### Exercise details
Working from the data below, write out exactly the lines from its first through the line that contains "Strand mit Schirmen und Sichtschutz", both ends included and pictures omitted.

### Dataset records
* * * * * * * * *
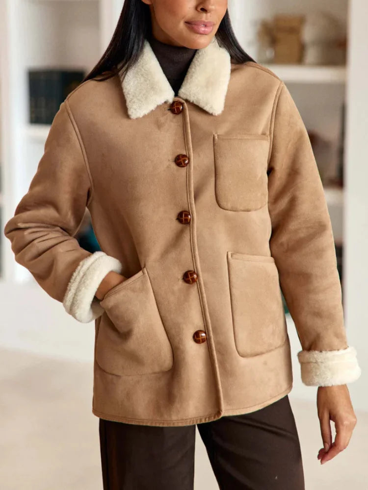 Nita de chez La Petite Étoile, c'est le manteau qui résume à lui seul tout ce qu'on aime de l'hiver : une coupe droite, des détails rétro et ce mélange irrésistible de douceur et de style. Sa matière bi-matière, mi-cuir velours, mi-effet moutonné, enveloppe sans alourdir, parfaite pour les journées fraîches où l'on veut rester chic sans grelotter.
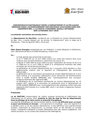 Le présent rapport a pour objet de proposer à la Commission Permanente de décider d'attribuer une subvention à l'association Alter Alsace Energies et d'approuver les termes du projet de convention de partenariat à conclure avec le Département, pour l'accompagnement de locataires qui rentrent dans un logement de niveau BBC, 2 rue Deutz à Haguenau (bailleur BATIGERE) et ce, dans le cadre des actions de lutte contre la précarité énergétique inscrites au Plan Départemental d'Action pour le Logement et l'Hébergement des Personnes Défavorisées (PDALHPD) 2015-2020. Il s'agit d'accompagner, en lien avec les services sociaux polyvalents de secteur, des groupes de locataires sur une année via des animations collectives et des accompagnements individualisés (lecture des factures, usage des équipements des logements, etc.) afin de leur permettre d'appréhender de nouveaux modes de vie et de nouveaux réflexes.
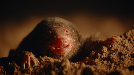 Mole in soil tunnel with visible roots, underground burrow, and earthy textures..
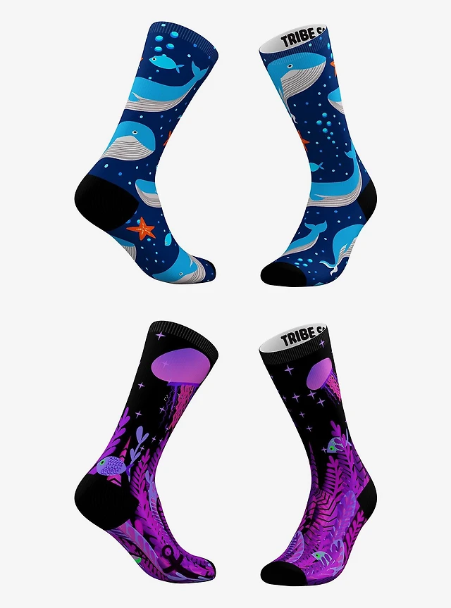Deep Blue Whale And Purple Seascape Socks 2 Pair
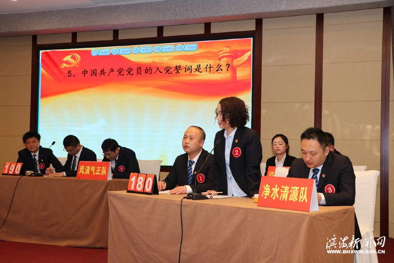 本次党建知识竞赛共有风清气正队(水务公司选派)、求实创新队(县城水司选派)、沿海先锋队(沿海水司选派)、饮水思源队(渠南水司选派)、净水清源队(县城污水厂选派)参赛。竞赛采用现场抽题、现场答题、现场计分方式进行,设置必答题、抢答题、风险题和加试题等环节。
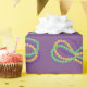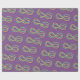 Gift wrap features an original marker illustration of strands of Mardi Gras beads, printed on a purple background.
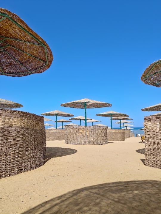 Strand mit Schirmen und Sichtschutz
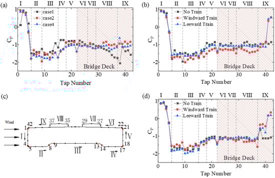 Wind pressure distribution on the bridge: (a) with or without wind barriers (for upstream trains); (b) installing a WGB for different train and bridge combinations in Case 2; (c) bridge pressure zoning; (d) installing a WGB for different train and bridge combinations in Case 4.
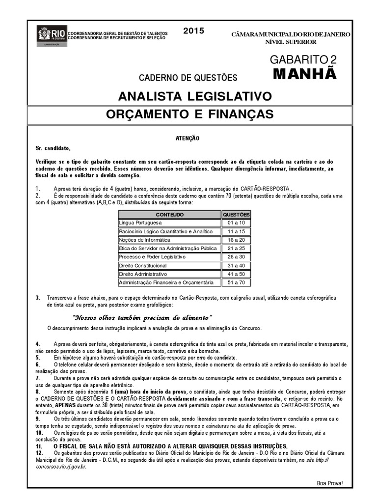 Os gabaritos das provas sero publicados no Dirio Oficial do Municpio do Rio de Janeiro - D.O Rio e no Dirio Oficial da Cmara
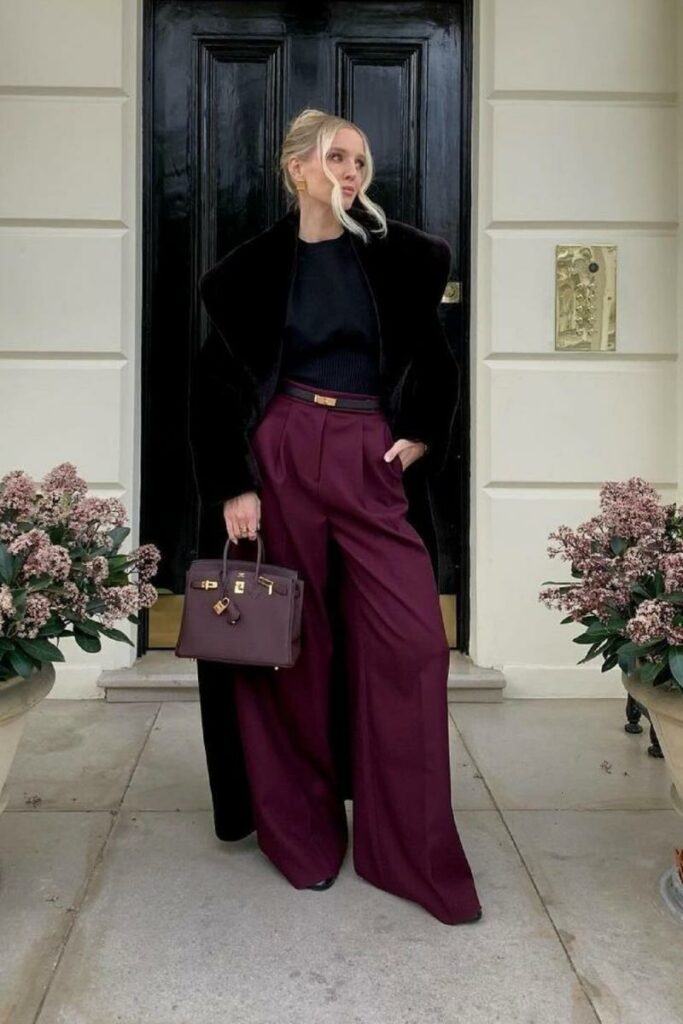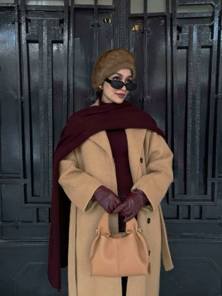 За елегантен и дискретен изглед, комбинирајте бордо палто со класични зимски тонови како кафеава, сива и црна, а ако сакате да се истакнете, носете го со неочекувани нијанси како мека праска или валкано розова. За најсмелите – монохроматскиот стил од глава до пети во бордо тонови е хит.
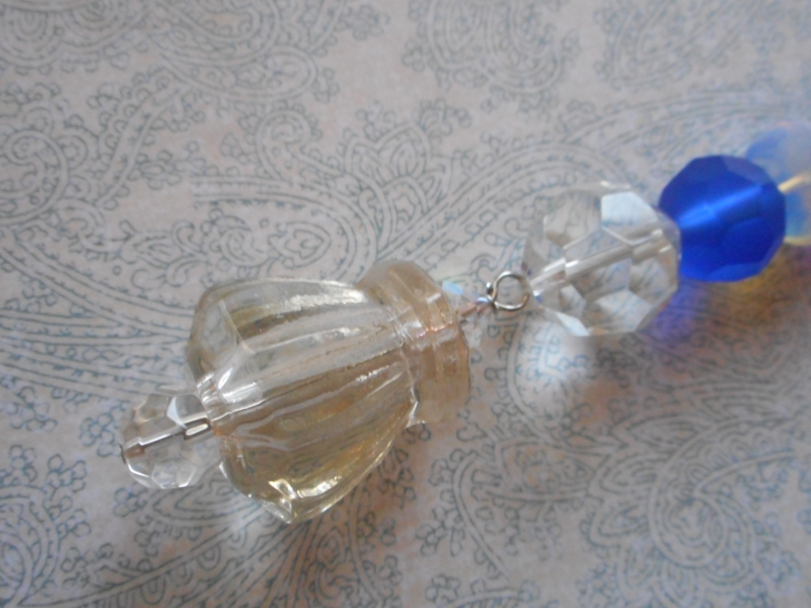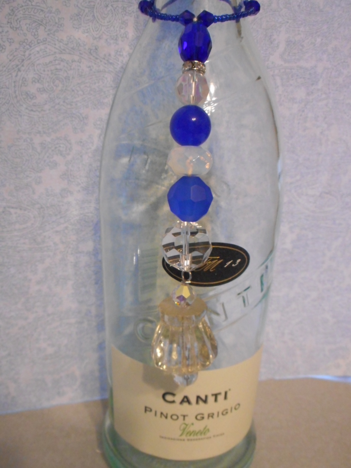 Anyone who knows me even a bit, knows I adore cobalt blue . It should not come as a shock that one of my first pieces has cobalt blue in it !! I used a vintage glass knob at the bottom and used gorgeous glass beads, pretty good sized ones in this piece. I made a bigger loop than my already large big loop I bought for this type of item, but this one was just too heavy. I used very heavy beading string and then doubled it up to string the beads so it lies nice on a bottle or any surface that might be uneven, wire would have stuck straight out. All glass, and glass seed beads and bicone beads on the hoop I made.
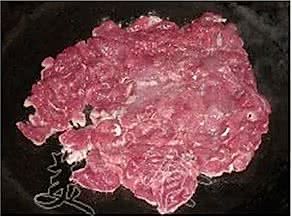 热油锅,放牛肉进锅,用中火煎1分钟;
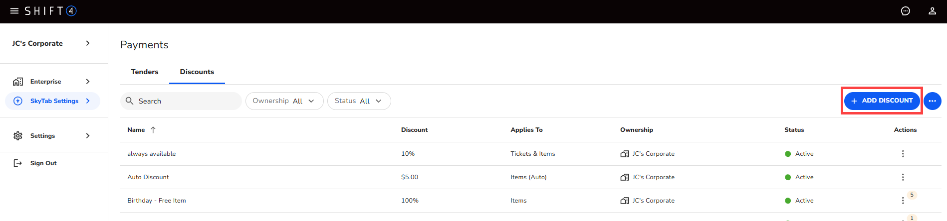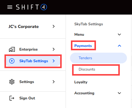 - Navigate to SkyTab Settings > Payments > Discounts.
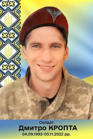 Кропта Дмитро Миколайович - учасник російсько-української війни. Солдат, стрілець-помічник гранатометника десантно-штурмового взводу 95-ї окремої десантно-штурмової бригади.
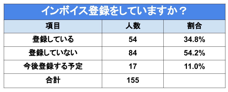 「インボイス登録をしていますか?」という質問を行った結果、「登録している」と回答した方が54人(34.8%)、「登録していない」と回答した方が84人(54.2%)、「今後登録する予定」と回答した方が17人(11%)という結果となりました。インボイス登録を行っている方と登録する予定の方の人数の合計が、登録していないという方の人数とほぼ同じとなりました。
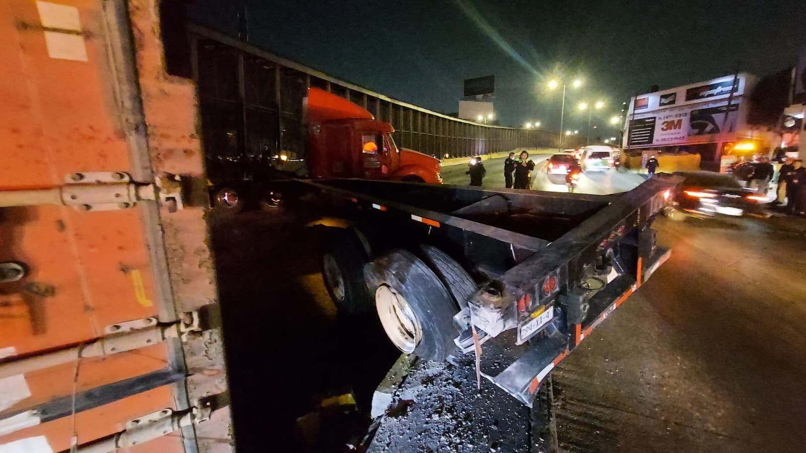 La circulación vial en Circuito Interior se interrumpió por completo debido a que la caja del vehículo de carga bloqueó los carriles centrales de la avenida y los autos solo pueden avanzar en la lateral.
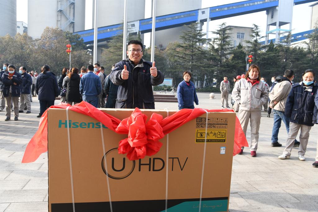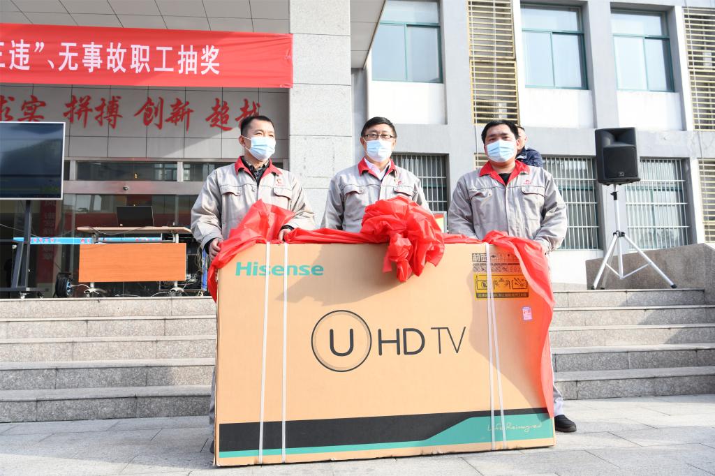 上午9时,该厂办公楼前工业广场热闹非凡,气氛活跃,职工翘首期待参与抽奖,每个人的脸上洋溢着喜悦的笑容。为做好疫情防控,各单位指派职工参与并进行监督,避免了职工聚集性接触。经过激动人心的随机抽取,该厂王毛毛、王营宽、刘磊等10名职工喜中大奖,分别获得了65寸海信电视奖品。
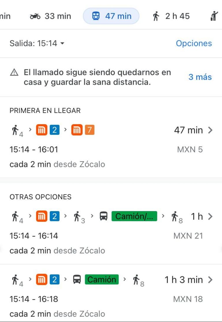 - Se desplegará una fila de rutas recomendadas. Asimismo, indica desde dónde tomar el servicio y la hora estimada de llegada. Podrás adaptar la hora de salida según tus necesidades ¡Y listo!
* * * * * * * * *
### Exercise response
 Nita de chez La Petite Étoile, c'est le manteau qui résume à lui seul tout ce qu'on aime de l'hiver : une coupe droite, des détails rétro et ce mélange irrésistible de douceur et de style. Sa matière bi-matière, mi-cuir velours, mi-effet moutonné, enveloppe sans alourdir, parfaite pour les journées fraîches où l'on veut rester chic sans grelotter.
 Le présent rapport a pour objet de proposer à la Commission Permanente de décider d'attribuer une subvention à l'association Alter Alsace Energies et d'approuver les termes du projet de convention de partenariat à conclure avec le Département, pour l'accompagnement de locataires qui rentrent dans un logement de niveau BBC, 2 rue Deutz à Haguenau (bailleur BATIGERE) et ce, dans le cadre des actions de lutte contre la précarité énergétique inscrites au Plan Départemental d'Action pour le Logement et l'Hébergement des Personnes Défavorisées (PDALHPD) 2015-2020. Il s'agit d'accompagner, en lien avec les services sociaux polyvalents de secteur, des groupes de locataires sur une année via des animations collectives et des accompagnements individualisés (lecture des factures, usage des équipements des logements, etc.) afin de leur permettre d'appréhender de nouveaux modes de vie et de nouveaux réflexes.
 Mole in soil tunnel with visible roots, underground burrow, and earthy textures..
Deep Blue Whale And Purple Seascape Socks 2 Pair
 本次党建知识竞赛共有风清气正队(水务公司选派)、求实创新队(县城水司选派)、沿海先锋队(沿海水司选派)、饮水思源队(渠南水司选派)、净水清源队(县城污水厂选派)参赛。竞赛采用现场抽题、现场答题、现场计分方式进行,设置必答题、抢答题、风险题和加试题等环节。
 Gift wrap features an original marker illustration of strands of Mardi Gras beads, printed on a purple background.
 Strand mit Schirmen und Sichtschutz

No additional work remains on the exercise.